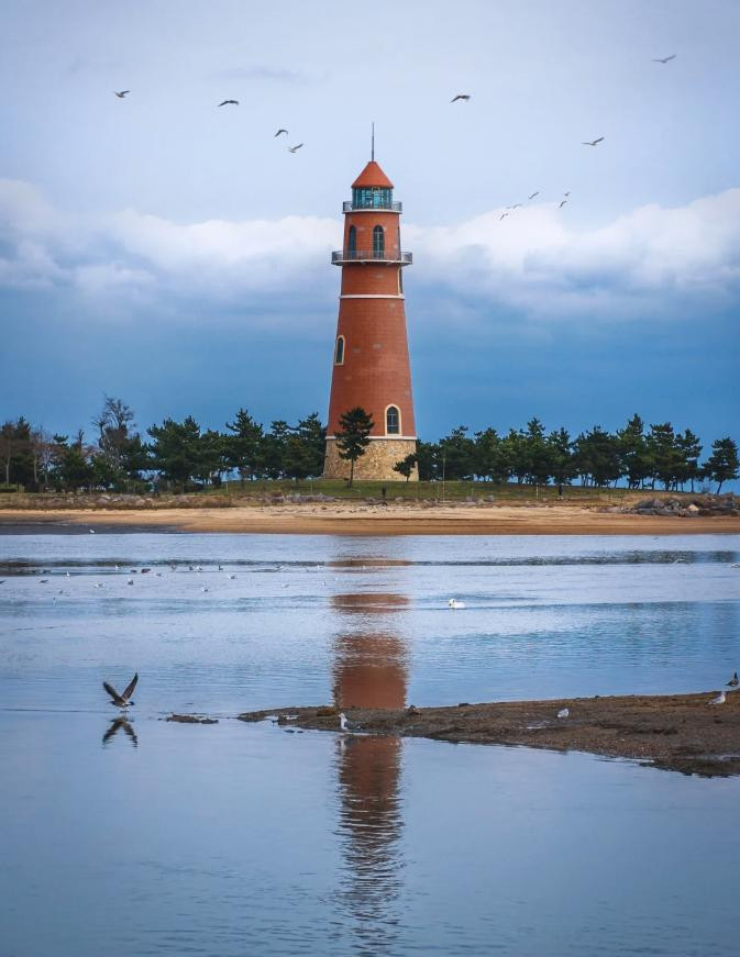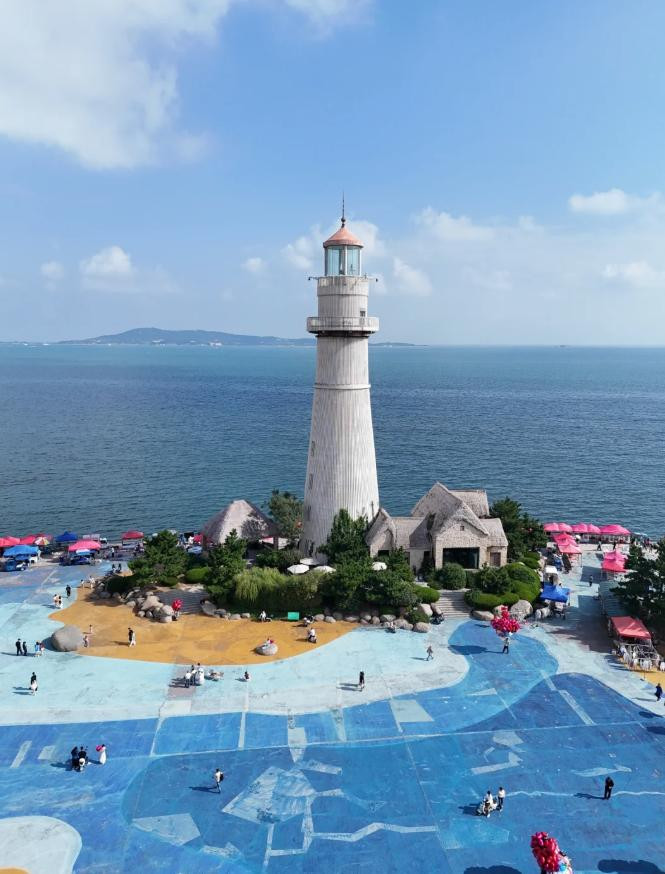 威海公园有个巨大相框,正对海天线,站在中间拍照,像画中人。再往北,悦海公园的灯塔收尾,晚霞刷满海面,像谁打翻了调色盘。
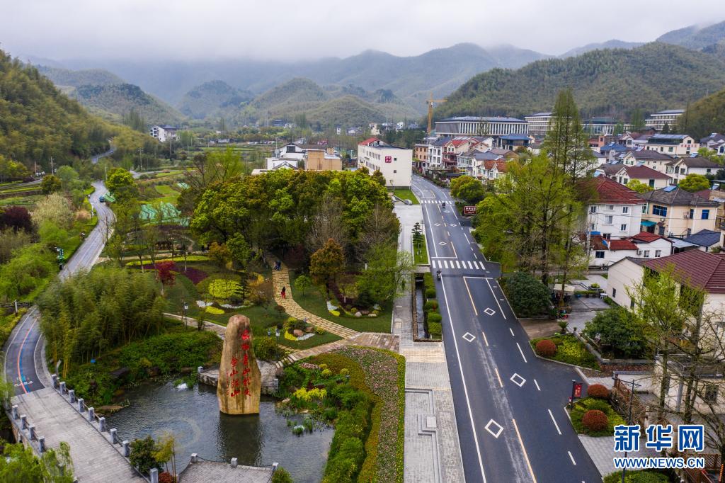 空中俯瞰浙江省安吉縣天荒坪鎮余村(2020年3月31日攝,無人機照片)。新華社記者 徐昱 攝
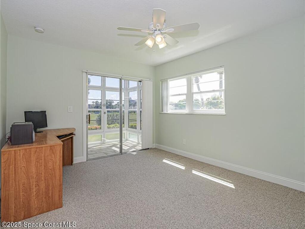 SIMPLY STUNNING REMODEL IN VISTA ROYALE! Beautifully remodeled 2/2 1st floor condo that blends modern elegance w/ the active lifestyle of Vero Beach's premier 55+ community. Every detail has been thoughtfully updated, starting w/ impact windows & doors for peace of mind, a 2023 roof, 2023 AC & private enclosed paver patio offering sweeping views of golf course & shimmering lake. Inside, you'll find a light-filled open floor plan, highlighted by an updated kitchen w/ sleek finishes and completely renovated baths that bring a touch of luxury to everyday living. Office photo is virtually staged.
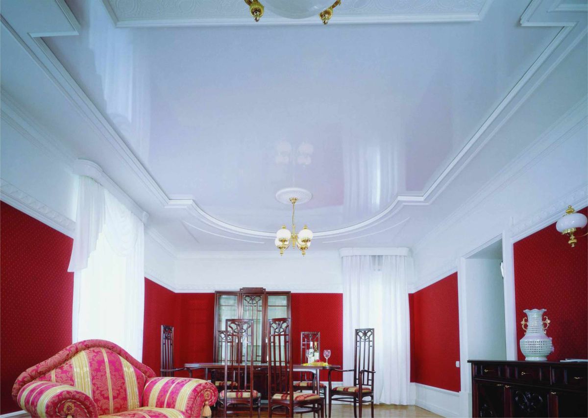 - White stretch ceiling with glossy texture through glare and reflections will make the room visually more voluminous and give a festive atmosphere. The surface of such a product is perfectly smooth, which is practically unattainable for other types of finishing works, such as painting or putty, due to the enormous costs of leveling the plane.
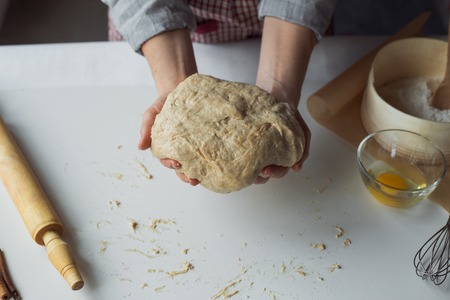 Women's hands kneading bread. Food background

__________________________________________________

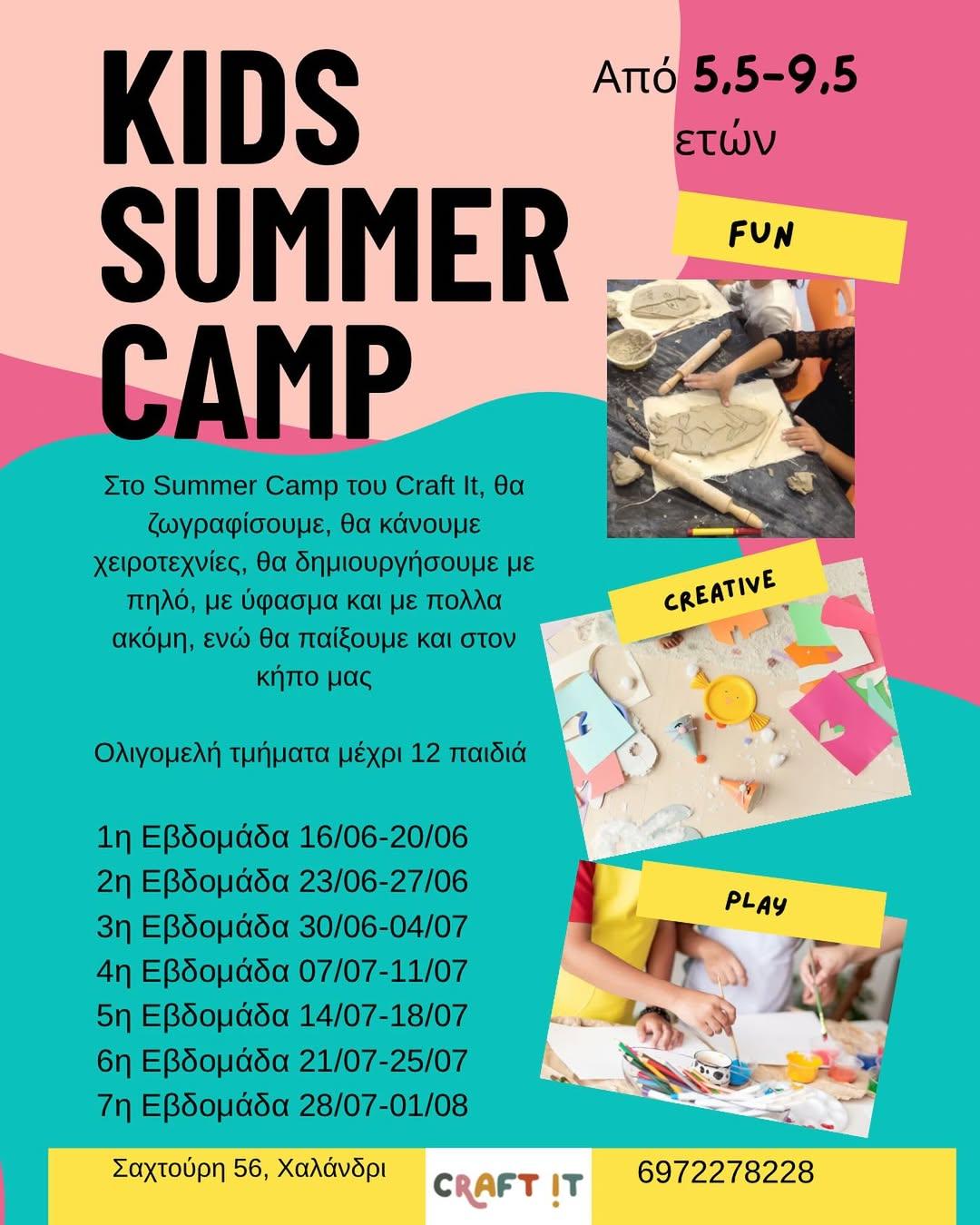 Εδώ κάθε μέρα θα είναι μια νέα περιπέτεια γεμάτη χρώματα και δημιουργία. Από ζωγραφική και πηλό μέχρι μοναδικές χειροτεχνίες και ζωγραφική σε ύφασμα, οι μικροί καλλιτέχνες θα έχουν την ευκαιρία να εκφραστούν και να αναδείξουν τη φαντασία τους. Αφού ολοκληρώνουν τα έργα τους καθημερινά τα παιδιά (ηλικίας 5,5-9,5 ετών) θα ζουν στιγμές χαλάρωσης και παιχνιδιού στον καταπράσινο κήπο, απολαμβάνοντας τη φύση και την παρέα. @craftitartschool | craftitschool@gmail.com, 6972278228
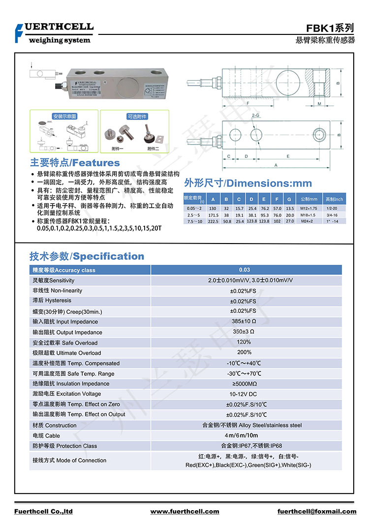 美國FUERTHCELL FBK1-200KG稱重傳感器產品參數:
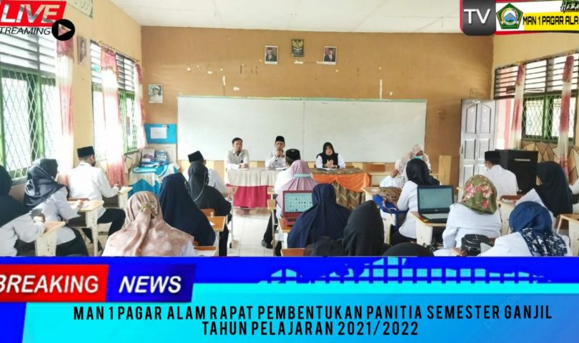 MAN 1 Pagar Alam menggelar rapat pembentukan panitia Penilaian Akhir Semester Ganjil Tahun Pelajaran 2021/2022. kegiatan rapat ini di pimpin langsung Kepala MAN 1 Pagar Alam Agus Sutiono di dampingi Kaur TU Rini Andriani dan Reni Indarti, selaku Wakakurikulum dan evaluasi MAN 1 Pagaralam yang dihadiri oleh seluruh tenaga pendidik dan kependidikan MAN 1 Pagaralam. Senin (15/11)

__________________________________________________

> **About this task**: Starting at the line containing "SIMPLY STUNNING REMODEL" and stopping at the line containing "Women's hands kneading", output every line above exactly, both ends included, with pictures omitted.

> **Solution to this exercise**:
 SIMPLY STUNNING REMODEL IN VISTA ROYALE! Beautifully remodeled 2/2 1st floor condo that blends modern elegance w/ the active lifestyle of Vero Beach's premier 55+ community. Every detail has been thoughtfully updated, starting w/ impact windows & doors for peace of mind, a 2023 roof, 2023 AC & private enclosed paver patio offering sweeping views of golf course & shimmering lake. Inside, you'll find a light-filled open floor plan, highlighted by an updated kitchen w/ sleek finishes and completely renovated baths that bring a touch of luxury to everyday living. Office photo is virtually staged.
 - White stretch ceiling with glossy texture through glare and reflections will make the room visually more voluminous and give a festive atmosphere. The surface of such a product is perfectly smooth, which is practically unattainable for other types of finishing works, such as painting or putty, due to the enormous costs of leveling the plane.
 Women's hands kneading bread. Food background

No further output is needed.